Singling out the area of security in which, he said, his country was already working closely with the Caribbean, Green said other elements of the reorientation within the region include establishing new free trade agreements, harmonising existing agreements, and establishing nearshoring, which he said could result in massive economic growth for Barbados.

“According to estimates by the Inter-American Development Bank, nearshoring could add an annual US$78 billion in additional exports of goods and services in Latin America and the Caribbean in the near to medium term . . . . Such a huge influx of capital from nearshoring would mean massive growth if concentrated in countries like Barbados,” he said.

Explaining nearshoring, Green said it was “basically bringing jobs and industry back to our hemisphere, particularly manufacturing from China, a regime with an egregious human rights abuse system”.

“Nearshoring holds the promise of laying the foundation for new relations between the US and the Caribbean, and with this legislation we can foster stronger commercial ties while enabling the dynamic development of diverse industrial economies and raising the standard of living for people living in poverty,” he said.

“As we face the challenge of bringing back manufacturing to the western hemisphere, the United States must look to empower our neighbours for our mutual benefit and long-term prosperity.”

The US Congressman stressed, though, that having a closer partnership between the US and the region would require Caribbean governments to create a more enabling environment for the private sector to lead economic growth.

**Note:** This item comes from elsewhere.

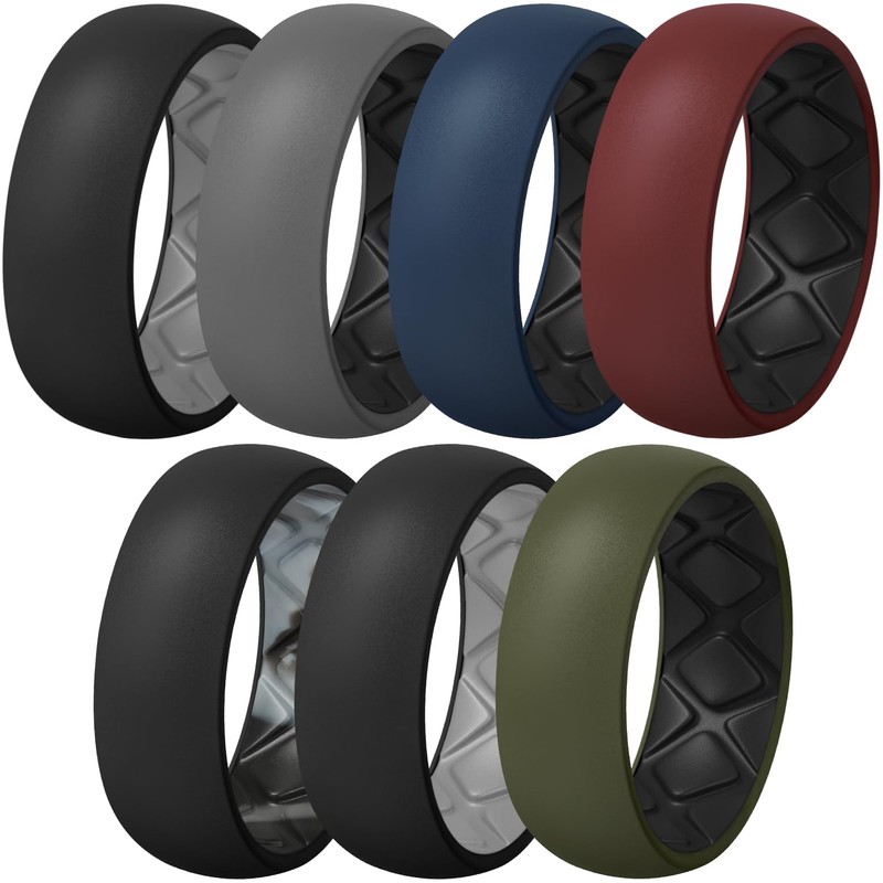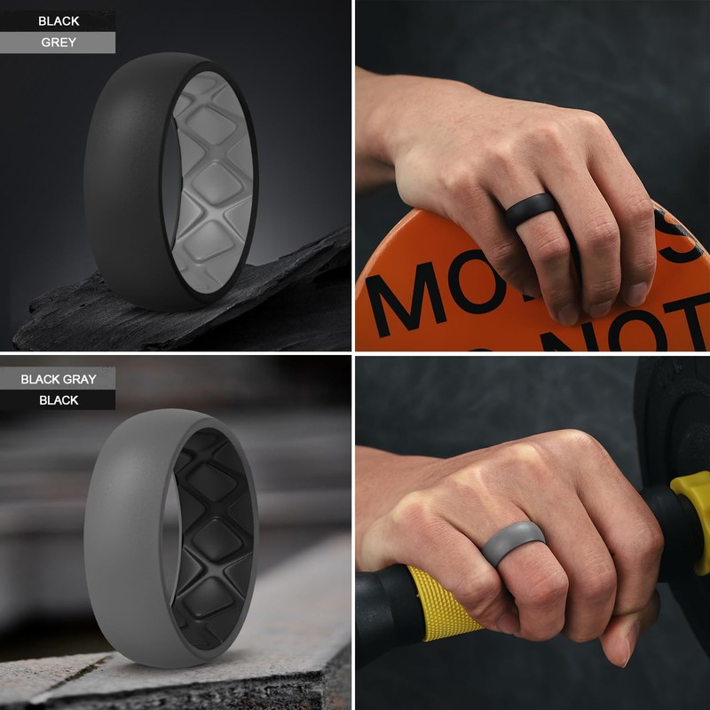 - FLEXIBALE & SAFE: Top grade silicone is hypoallergenic, lightweight and soft. Superior than plastic rings in elasticity, skin adaptability and will break away while rubber wedding bands are under extreme stress to protect fingers. Easy to accommodate temporary swollen fingers or large knuckles and ideal for guys working with tools or electronics

“I say this from experience . . . . If governments want to do this we have got to create a business-friendly environment and let the private sector compete and operate without undue burden and restrictions,” he urged.

“This means increasing privatisation, cutting taxes and decreasing unnecessary regulations. It also means welcoming foreign investment, and I hope that will be from the United States . . . . Russia and China do not have our best interest at heart, but America seeks a mutually beneficial partnership where we work together diplomatically, economically and in security partnerships.”